Extracted information START

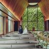 ◆天井高8mから降りそそぐ神聖な光に包まれる、緑と木の新チャペル。職人が丁寧に造り上げた、暖かみのあるアンティークガラスも魅力! -
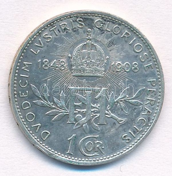 Aus... https://www.darabanth.com/de/349-Fernauktion/349.0/Numismatik/Weltweit-Munzen~1000012/Ausztria-1908-1K-Ag-Ferenc-Jozsef-Jubileum-T1-2--Austria-1908-1-Corona-Ag-Franz-Joseph-~II1982119
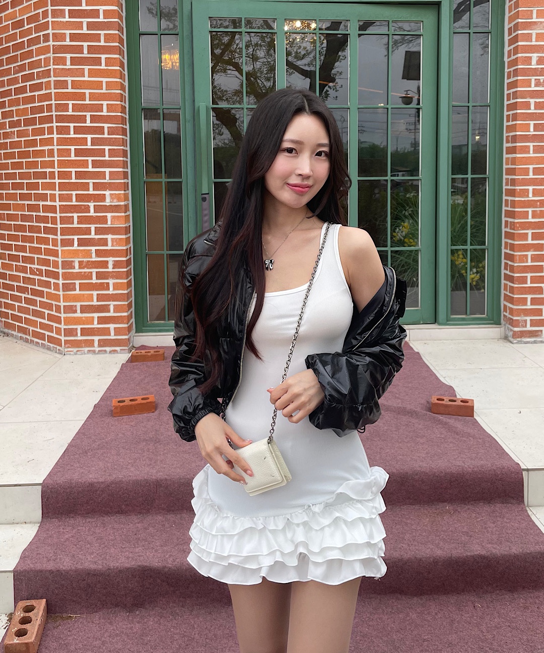 [최저가🔥/고퀄✨🖤/스판짱] 프릴 나시 레이어드 캉캉 민소매 미니 원피스 - 2 color
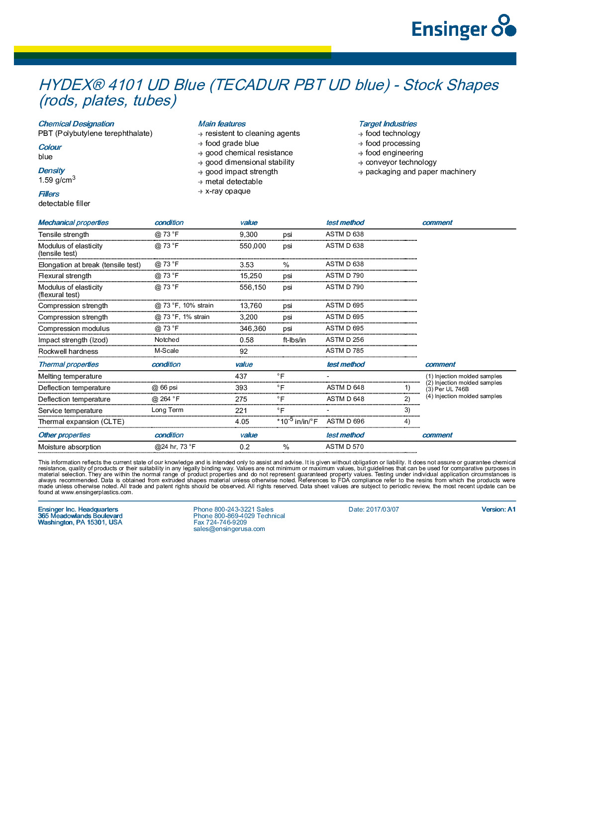 - Moisture Absorption at Equilibrium 0.1 - 0.4 %
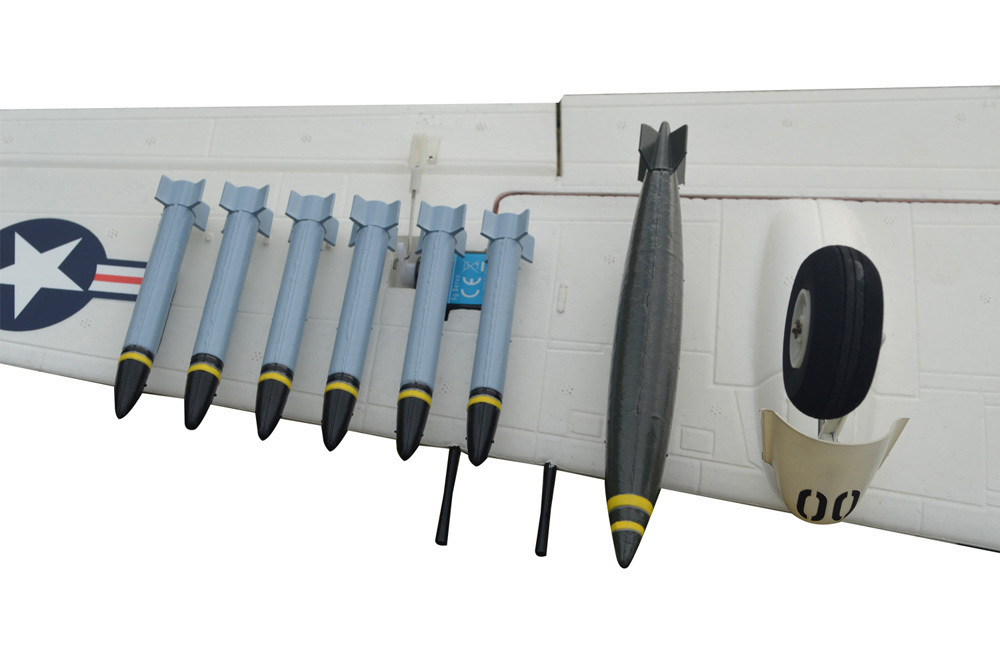 With attractive appearance, all parts are in proportion and gives people strong visual impact, with the scale rocket bomb, auxiliary oil tank and ventral bomb, it makes this airplane more scaled.
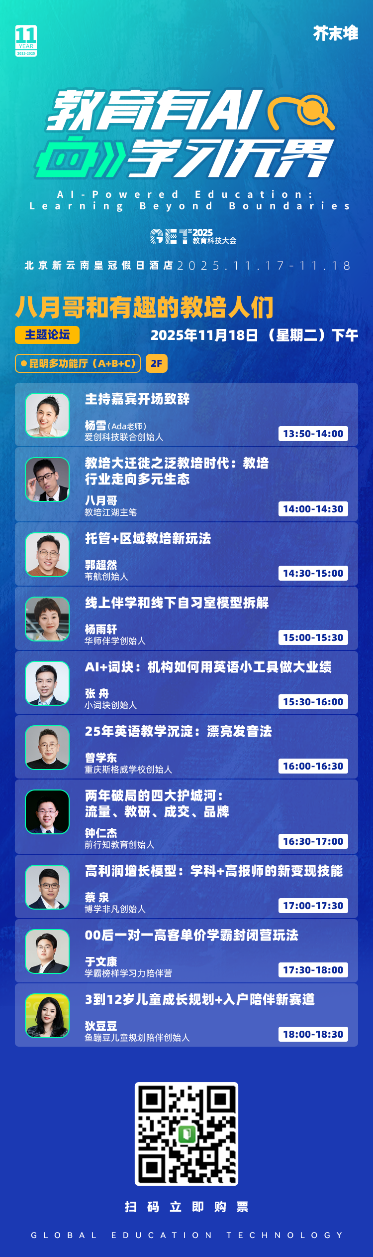 ——以上这些嘉宾所从事的,已经覆盖了“托管、教培、自习室、伴学、规划、工具、入户、集训营”等赛道,这些拿到结果,也乐于分享的朋友们,即将在11月18号下午的GET分论坛,为大家倾情呈现。
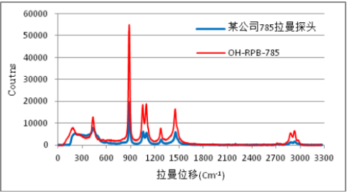 比色皿中的酒精紅色譜線為RPB-785拉曼探頭系列中某款產品獲取的拉曼光譜實驗中積分時間統一為5s,采用相同配置的激光器和光譜儀
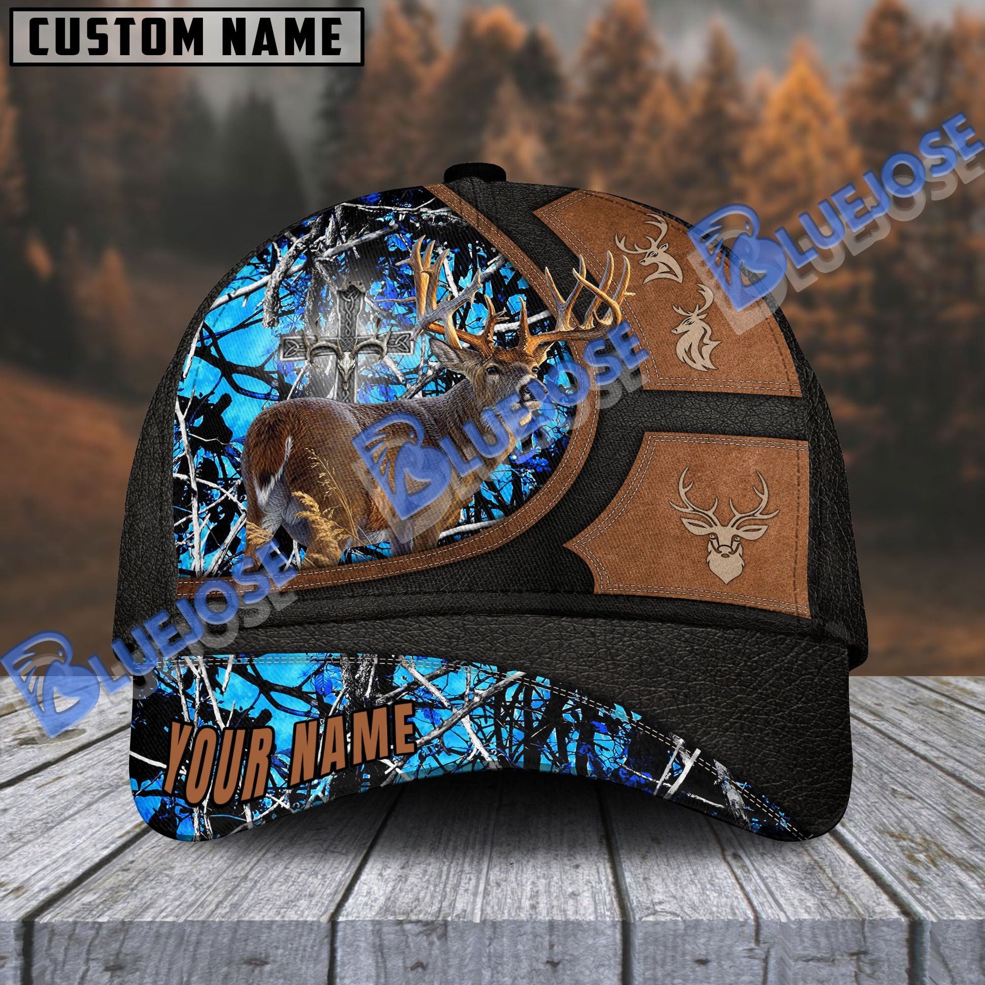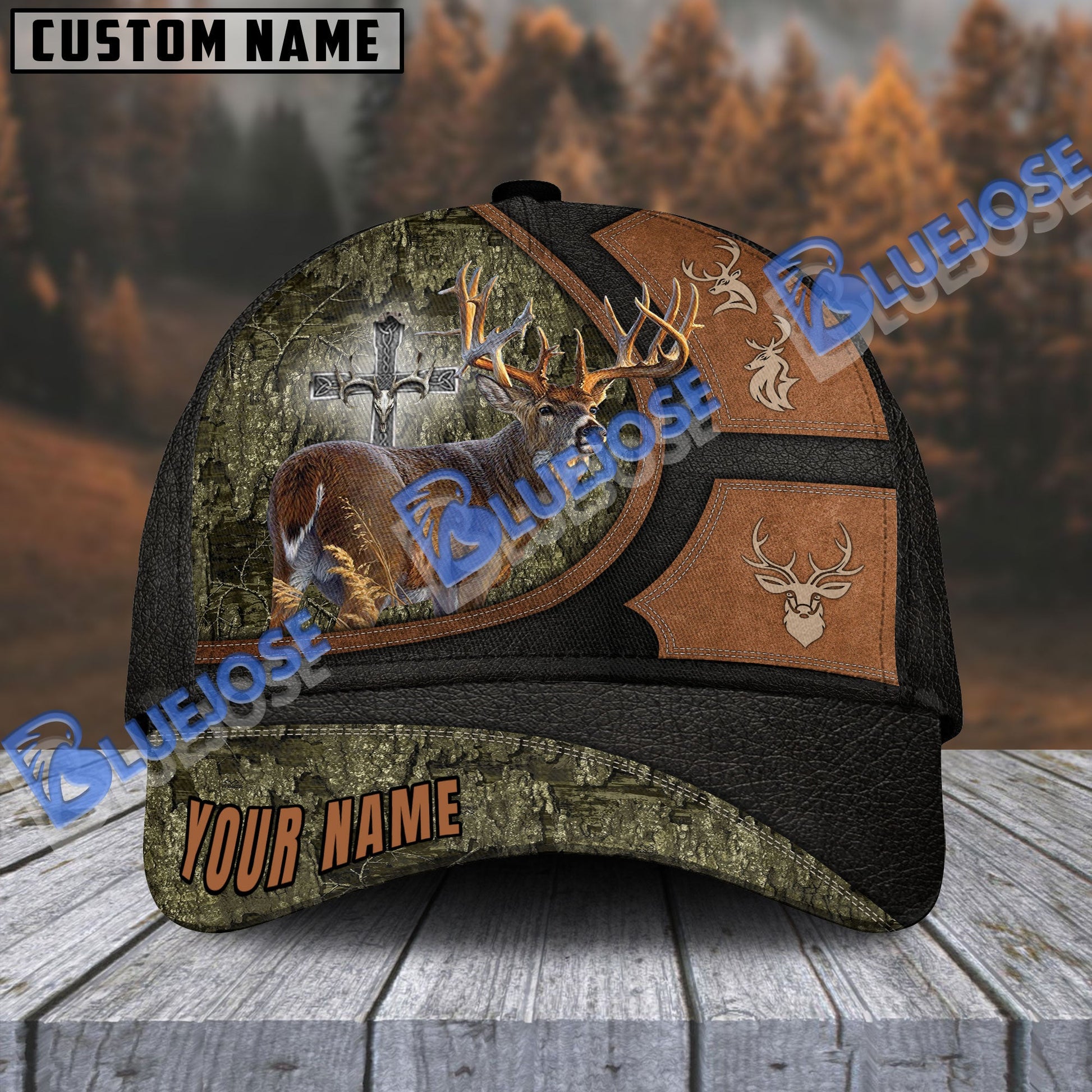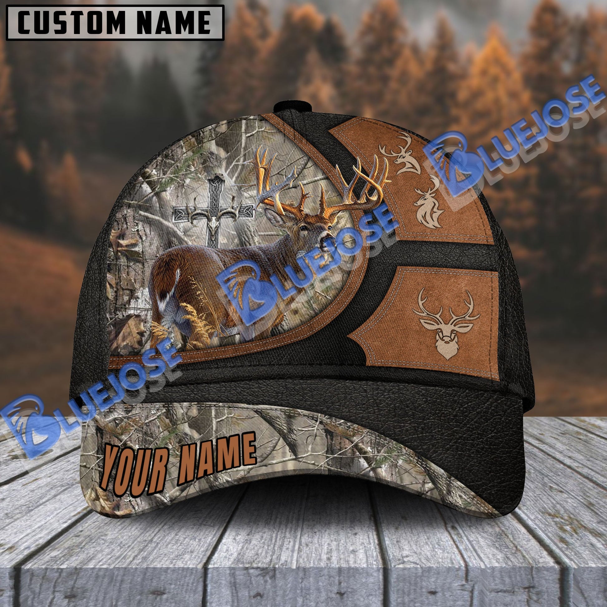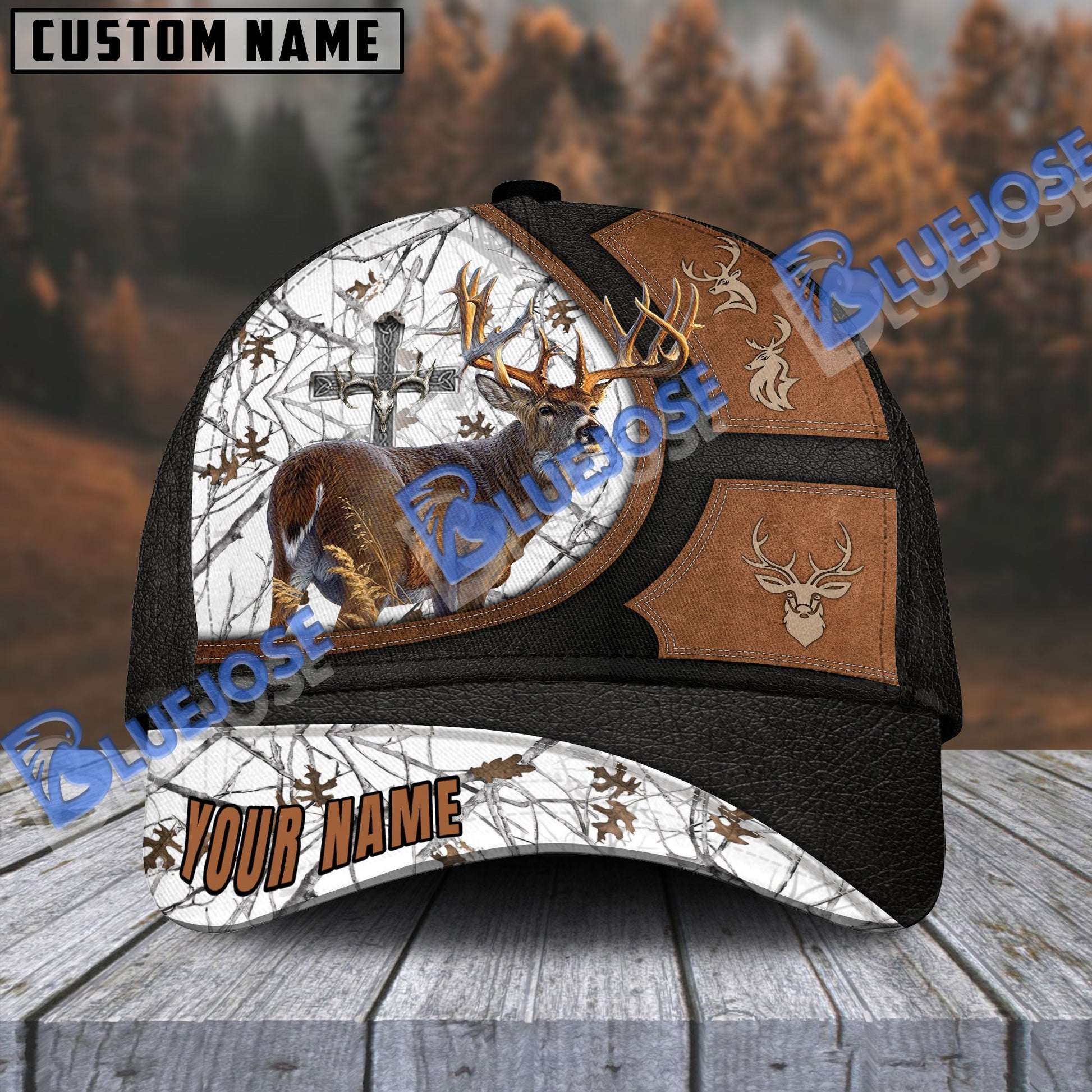 BlueJose Hunting Deer Cross Leather Black And Brown Pattern Multicolor Personalized Cap
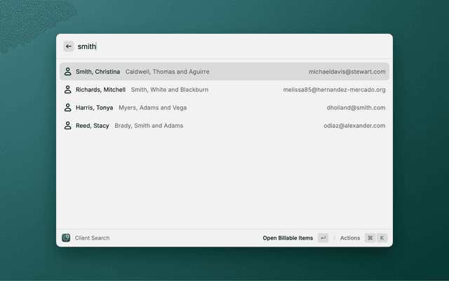 Search your WHMCS Clients and quickly access the client's profile, billable items, and more.
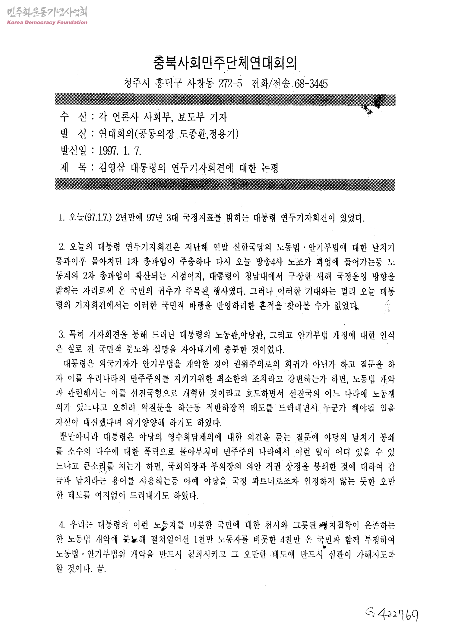 ['95 친일파정춘수동상철-충북지역사회민주단체연대회의관련]김영삼 대통령의 연두기자회견에 대한 논평[수신: 각 언론사 사회부,보도부 기자, 발신:연대회의(공동의장 도종환, 정용기)]
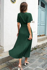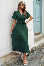 Par ailleurs, de belles manches courtes évasées s'imposent sur cette robe champêtre. Le rendu en devient d'autant plus raffiné et glamour. Finalement, sa coupe longue et fluide dégage liberté et féminité.
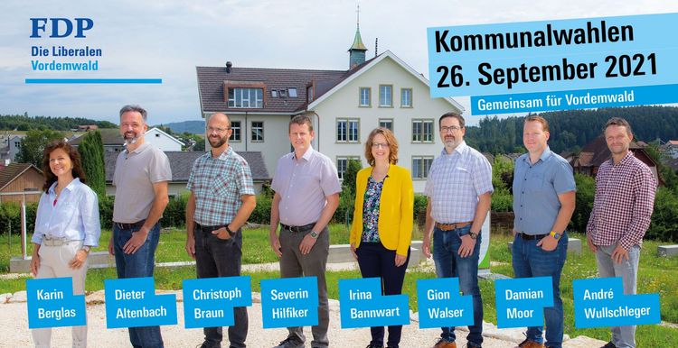 Anlässlich der Nominationsveranstaltung vom 12. August auf der Rüti präsentierte die FDP Vordemwald ihre 8 Kandidatinnen und Kandidaten für die Gesamterneuerungswahlen 2021.
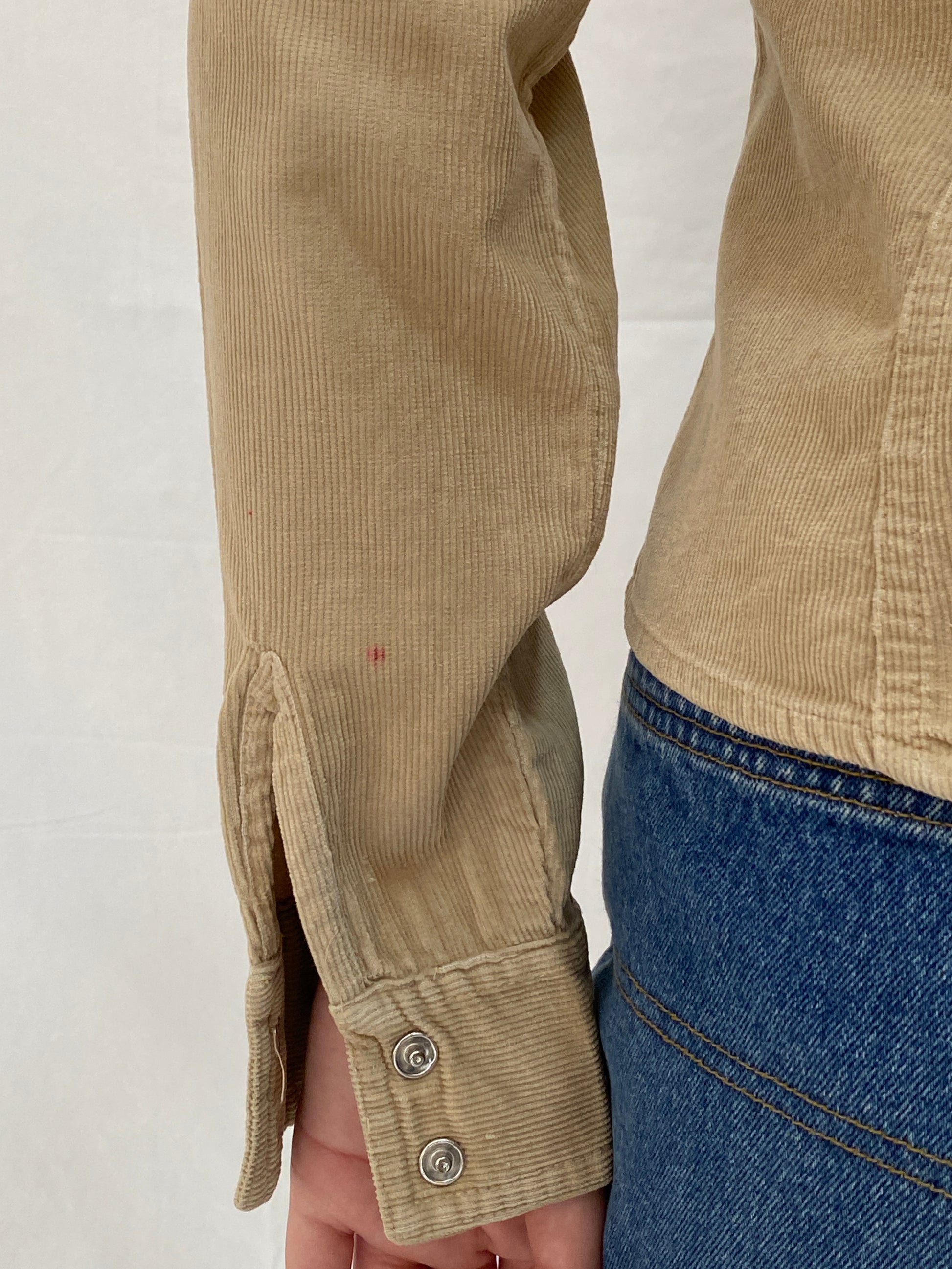 Vintage Y2K Periscope Tan Corduroy Western Full Sleeve Shirt - M
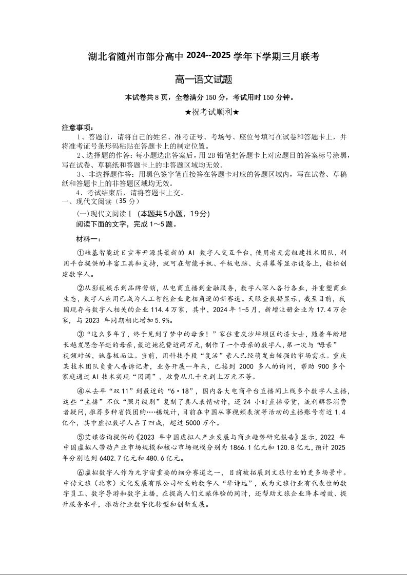 湖北省随州市部分高中2024-2025学年下学期3月高一联考语文
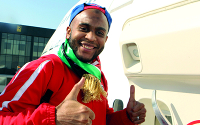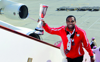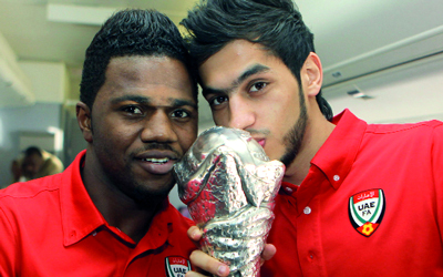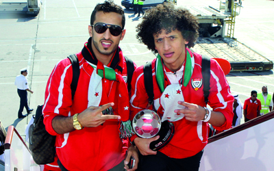 عاش لاعبو المنتخب الوطني، والبعثة الرسمية المشاركة في كأس الخليج بنسختها الـ21، التي اختتمت في البحرين ليلة الجمعة، أجواءً احتفالية مميزة على متن الطائرة الخاصة، التي أقلتهم من المنامة إلى مدينة العين صباح أول من أمس، بعد فوزهم باللقب للمرة الثانية في تاريخ البلاد. وأدى اللاعبون حركات عفوية مضحكة أمام كاميرا، الزميل المصور أسامة أبوغانم، تعبّر عن فرحتهم بالإنجاز الذي تحقق لأول مرة في بطولة خارج الدولة، تحت قيادة المدرب الوطني المهندس مهدي علي.

Extracted information END

Would you transcribe the lines above exactly, going from the line bearing "[최저가🔥/고퀄✨🖤/스판짱] 프릴 나시" through the line bearing "Par ailleurs, de", and drop the pictures from the copy?

 [최저가🔥/고퀄✨🖤/스판짱] 프릴 나시 레이어드 캉캉 민소매 미니 원피스 - 2 color
 - Moisture Absorption at Equilibrium 0.1 - 0.4 %
 With attractive appearance, all parts are in proportion and gives people strong visual impact, with the scale rocket bomb, auxiliary oil tank and ventral bomb, it makes this airplane more scaled.
 ——以上这些嘉宾所从事的,已经覆盖了“托管、教培、自习室、伴学、规划、工具、入户、集训营”等赛道,这些拿到结果,也乐于分享的朋友们,即将在11月18号下午的GET分论坛,为大家倾情呈现。
 比色皿中的酒精紅色譜線為RPB-785拉曼探頭系列中某款產品獲取的拉曼光譜實驗中積分時間統一為5s,采用相同配置的激光器和光譜儀
 BlueJose Hunting Deer Cross Leather Black And Brown Pattern Multicolor Personalized Cap
 Search your WHMCS Clients and quickly access the client's profile, billable items, and more.
 ['95 친일파정춘수동상철-충북지역사회민주단체연대회의관련]김영삼 대통령의 연두기자회견에 대한 논평[수신: 각 언론사 사회부,보도부 기자, 발신:연대회의(공동의장 도종환, 정용기)]
 Par ailleurs, de belles manches courtes évasées s'imposent sur cette robe champêtre. Le rendu en devient d'autant plus raffiné et glamour. Finalement, sa coupe longue et fluide dégage liberté et féminité.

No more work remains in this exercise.